Task instructions> From the material below, set down exactly the lines that run from the one containing "Excellent Compatibility: Equipped" to the one containing "通过依次点动M100,M10", minus the pictures.

(Dataset records begins)

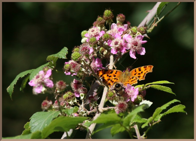 Is this a pic of the Blackberry flowers or of the Bee & Comma Butterfly feeding-on/fertilising them?
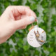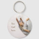 Closeup front view of a squirel on a tree trunk, looking straight at you. Funny and curious animal. Squirrel symbolises practicality, the necessity to make pleriminary provisions. Keychain. You can change or delete the image and the template text.
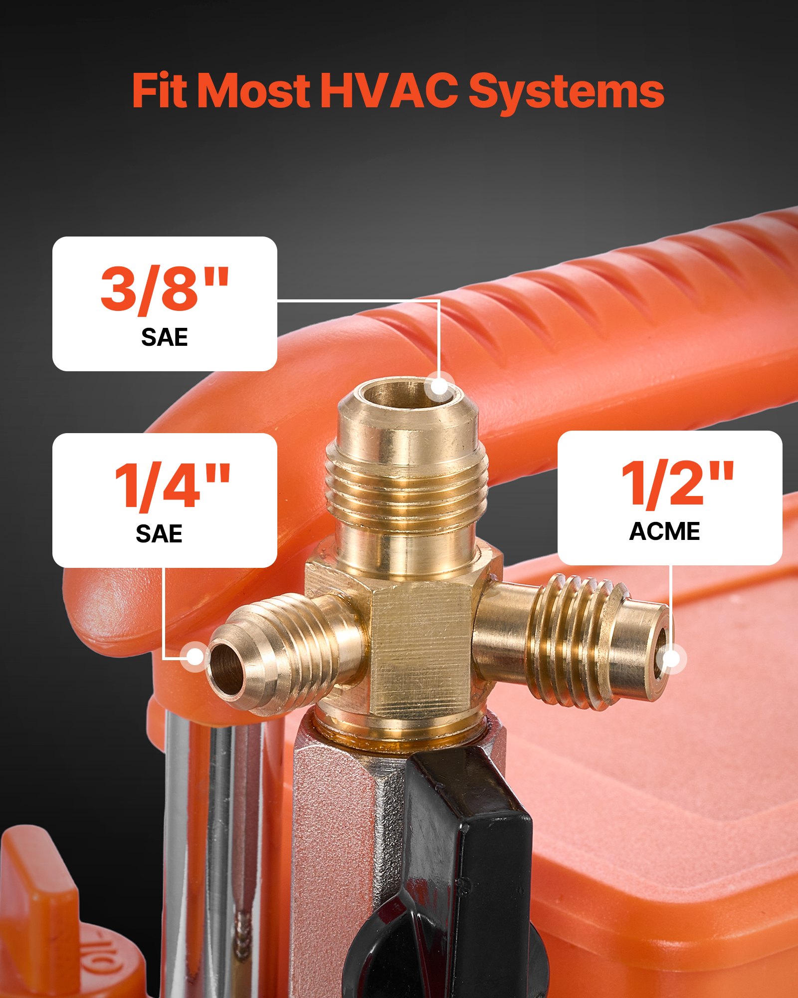 Excellent Compatibility: Equipped with 1/4-inch SAE, 1/2-inch ACME, and 3/8-inch SAE air inlet ports, this vacuum pump easily connects to automotive A/C systems and small R134a, R22, R410a, R1234YF, and R32 refrigerant systems
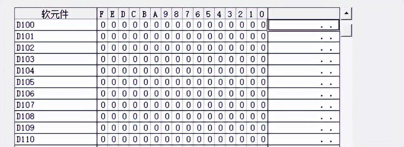 通过依次点动M100,M101,M102,M103,M104,M105,分别将"ABCDEFGHIJKLMN"传送至队列,结果如图3所示。SFWRP是先入先出写入数据的指令,通过SFWRP指令,字符串被依次写入D101~D107中,一共占用7个寄存器,加上D100(存储队列中的数量),一共是需要8个寄存器,所以[SFWRPD0D100K8]中的K8指的是分配8个寄存器。
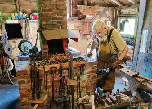 The Bourne Society for Historic Preservation held its Everything Blueberry event August 10th. It was a perfect beach day with an early afternoon high tide, so attendance was lower than it should have been. Those of us who did attend got to see blacksmith Mike Kelley working the antique Alonzo Booth forge, listened to Jim Dineen describe the society’s collection of horse-drawn wagons and sleighs, and toured the beautifully restored Briggs-McDermott house. Jim serves as the society’s long-time property manager and is one of its artifact restorers. Toni Dering, Margot Jenkins, Deborah Burgess, and society president Louise Innis worked as docents in the house. We also enjoyed what must be the world’s best blueberry cobbler, made by society member Emilie Martin.
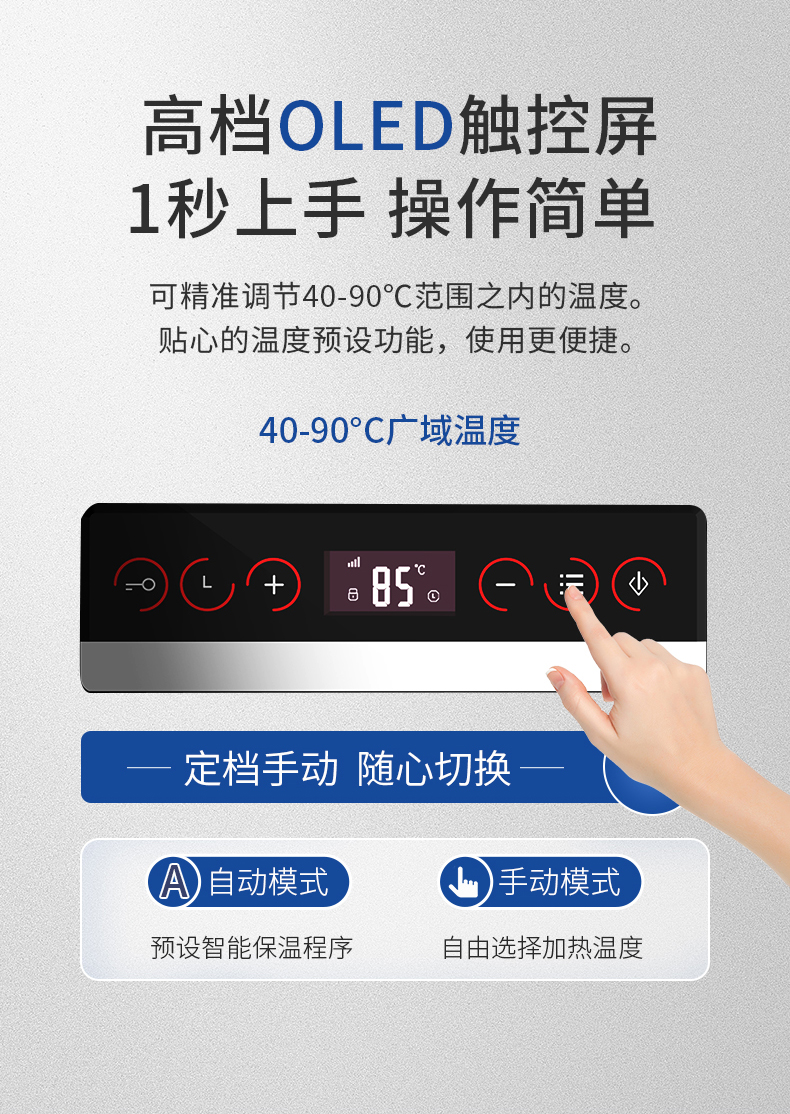 • 高端OLED触控屏,操作简便,精准调节温度,满足星级餐厅对烹饪精确度和高效性的高要求。

(Dataset records ends)

Reply to the task>
 Excellent Compatibility: Equipped with 1/4-inch SAE, 1/2-inch ACME, and 3/8-inch SAE air inlet ports, this vacuum pump easily connects to automotive A/C systems and small R134a, R22, R410a, R1234YF, and R32 refrigerant systems
 通过依次点动M100,M101,M102,M103,M104,M105,分别将"ABCDEFGHIJKLMN"传送至队列,结果如图3所示。SFWRP是先入先出写入数据的指令,通过SFWRP指令,字符串被依次写入D101~D107中,一共占用7个寄存器,加上D100(存储队列中的数量),一共是需要8个寄存器,所以[SFWRPD0D100K8]中的K8指的是分配8个寄存器。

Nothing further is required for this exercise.